Politische Reaktionen
Auch die Politiker etablierter Parteien (gerade wenn diese sich gerade auf dem Weg unter die 5%-Hürde befinden) scheinen die große »Chance« zu sehen, die Morde von Hanau zum Kampf gegen den politischen Gegner zu instrumentalisieren.
Da wären etwa die üblichen Linksaußen-und-sonstiger-Lärm-Lautsprecher der Parteien von Stegner bis Kuhle, deren Äußerungen so vorhersehbar sind, dass es sich kaum lohnt, sie zu zitieren.
Bemerkenswert ist die Aussage des »heimlichen Hoffnungsträgers« der CDU, Armin Laschet:
Wir trauern, wir fühlen, wir leiden mit den Familien der Opfer in #Hanau . Und wir geloben alles menschenmögliche zu Tun, um rechtes Denken, Hetzen und Morden zu besiegen. Der Feind steht rechts! Er träufelt sein Gift in unsere Gemeinschaft. Wir müssen kämpfen. #nulltoleranz
(@ArminLaschet, 20.2.2020)
Ich weiß nicht, ob Laschet sich diese Aussage selbst ausgedacht und dann formuliert hat (oder, nebenbei, ob inzwischen jene Klausuren wieder aufgetaucht sind, siehe welt.de, 2.6.2015: »Seit 16 Jahren unterrichtet NRW-CDU-Chef Laschet an der RWTH Aachen.

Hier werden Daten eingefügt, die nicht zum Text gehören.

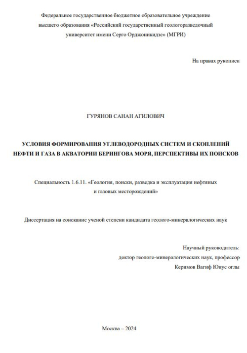 Условия формирования углеводородных систем и скоплений нефти и газа в акватории Берингова моря, перспективы их поисков

Dann geht ihm ein Stapel Klausuren verloren. Das Problem versucht er auf kuriose Weise zu lösen: indem er Noten einfach erfindet.«), doch abgesegnet wird er den instrumentalisierenden Tweet-Text schon noch selbst haben.
Mit »Der Feind steht rechts« und dem »Gift« wird eine Rede von Joseph Wirth zitiert (Finanzminister 1920-1921, Reichskanzler 1921-1922, siehe Wikipedia), die er nach der Ermordung Walter Rathenaus hielt (Redentext auf spiegel.de).
Armin Laschet vergleicht – es ist nicht das erste Mal, dass CDU-Politiker es tun – die lästige Opposition mit den Mördern Rathenaus. Zuvor hat etwa welt.de, 19.6.2019 dem für viele Demokraten nicht immer gut erträglichen Peter Tauber eine »Plattform« gegeben, ähnliche Spaltung in die Gesellschaft zu träufeln.
Teil der Perfidie dieses Zitats ist, dass die Bedeutung des Wortes »rechts« sich seit jener Zeit mehrfach gewandelt hat – Worte tun das manchmal über die Jahre. »Ficken« bedeutete früher hin- und her zu laufen, »geil« bedeutete, überschwänglich zu sein, und zu »vögeln«, das war die Voliere zu besuchen (wo man dann womöglich anderes tat). (Für mehr Bildung siehe bild.de, 19.7.2011 – und eine Übungsaufgabe, wenn in diesen Zeiten etwas Humor erlaubt ist: wie nannte man es, voller Überschwang in einer Voliere hin- und her zu laufen?) Ein weiteres Wort, das seine Bedeutung über die Zeiten verändert hat, ist »rechts«. Heute bedeutet »rechts« schlicht »wer Regierung und Propaganda zu widersprechen wagt« und »wer die Herrschaft des Volkes will«. Wenn politische Richtungen überhaupt noch etwas bedeuten, dann ist Rechts das neue Links – und Linke sind die neuen Monarchisten, allerdings mit Konzernen und von Milliardären finanzierten NGOs als neuen Königen und Fürsten.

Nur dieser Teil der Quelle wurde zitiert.